We next tested how the tGD(y,w) would perform in terms of inheritance rates and maternal effects when using a different promoter to drive expression of Cas9. We cloned the nanos gene regulatory region into our Cas9 construct and inserted it into the same genomic location (yellow) to generate the nanos-Cas9 line (Supplementary Fig. 1). Performing the same cross schemes to combine the nanos-Cas9-Red with the y-[y1,w2] line (Fig. 2a–d), a similar pattern was seen for the vasa promoter, with comparable inheritance rates for separated transgenes in the F0 crosses and frequent formation of  resistant alleles when the combined Cas9/gRNA complex was inherited from F0 females (Supplementary Fig. 3, Supplementary Data 2). An additional noteworthy result from this experiment was that our tGD(y,w) driven by nanos did not display the inheritance differences between the Cas9 and gRNAs as noted in our previous vasa-driven tGD(y,w) experiment in which both elements were inherited separately (Fig. 2a, e; Supplementary Fig. 3; statistical analysis in Supplementary Data 2). These results reinforce the hypothesis that inheriting a preloaded Cas9–gRNA complex through the mother is an obstacle to the spread of gene drives, which did not occur when the elements were inherited separately in our system.

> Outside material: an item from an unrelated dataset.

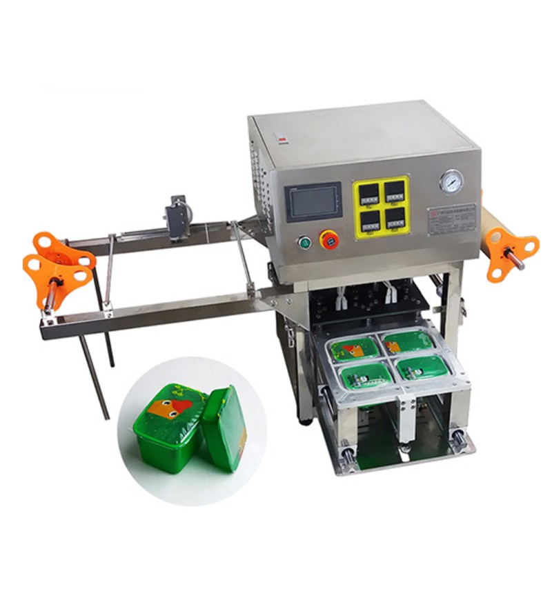 This machine is a new desktop automatic sealing machine developed according to market demand, which improves production efficiency and saves effort. The sealing film is made of plastic composite coils, automatic punching, automatic sealing and automatic waste discharge, which solves some cups without lids. , The bottle sealing problem, no matter what shape, can be sealed, saving space, can seal one box, two boxes, four boxes at a time, it is very popular among users.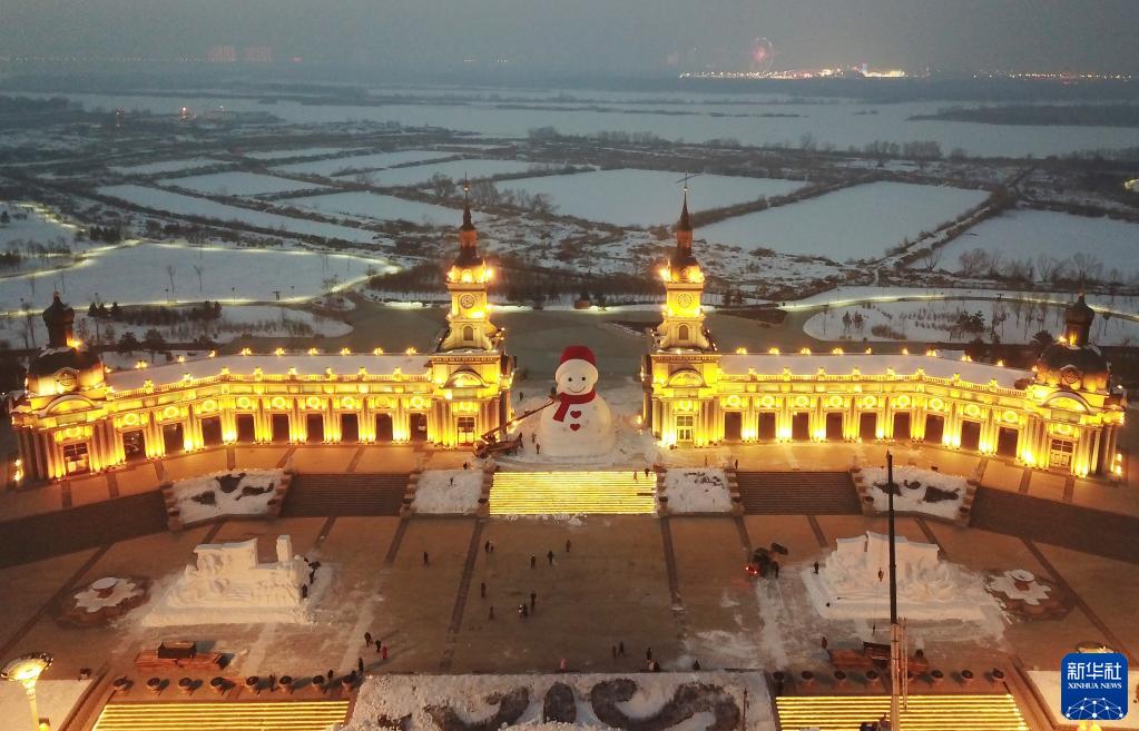 1月4日,在哈爾濱松花江畔,工人進(jìn)行大雪人收尾工作(無(wú)人機照片)。

tGD generates predictable resistant alleles

To better understand the maternal effect on gene-drive inheritance, we used males recovered from the F2 generation of the simultaneous-inheritance tGD(y,w) crosses that carried resistant alleles. Since males have only a single X chromosome, which is inherited from the F1 female, they are suitable for phenotypic isolation and molecular characterization of non-conversion events (resistant alleles) that occurred in each single F1 female. We sequenced resistant alleles in F2 males from various experimental conditions selecting, from 57 (white) and 60 (yellow) independent F1 female germlines, a total of 242 and 225 flies per locus, respectively (Fig. 3a, b, Supplementary Fig. 4). Intriguingly, for both w and y, we recovered three resistant alleles that occurred repeatedly in the germline of independent F1 females and that covered the majority of all sequenced flies (named wA, wB, and wC and yA, yB, and yC; Fig. 3a, b, Supplementary Fig. 4). In addition, we observed fewer unique occurrences of other indels in white than in yellow, 18/242 (7%) and 43/225 (19%), respectively (Fig. 3a, b, light gray). These findings highlight the importance of characterizing the range of possible indels at genomic locations chosen for field gene-drive applications. In addition, we analyzed the frequency of resistant mutations generated from conditions meant to resemble full-GD situations, with both elements inherited simultaneously (Fig. 2c, d), and observed that the ratios and the type of recurrent alleles recovered can vary drastically between different drive configurations (Supplementary Fig. 5).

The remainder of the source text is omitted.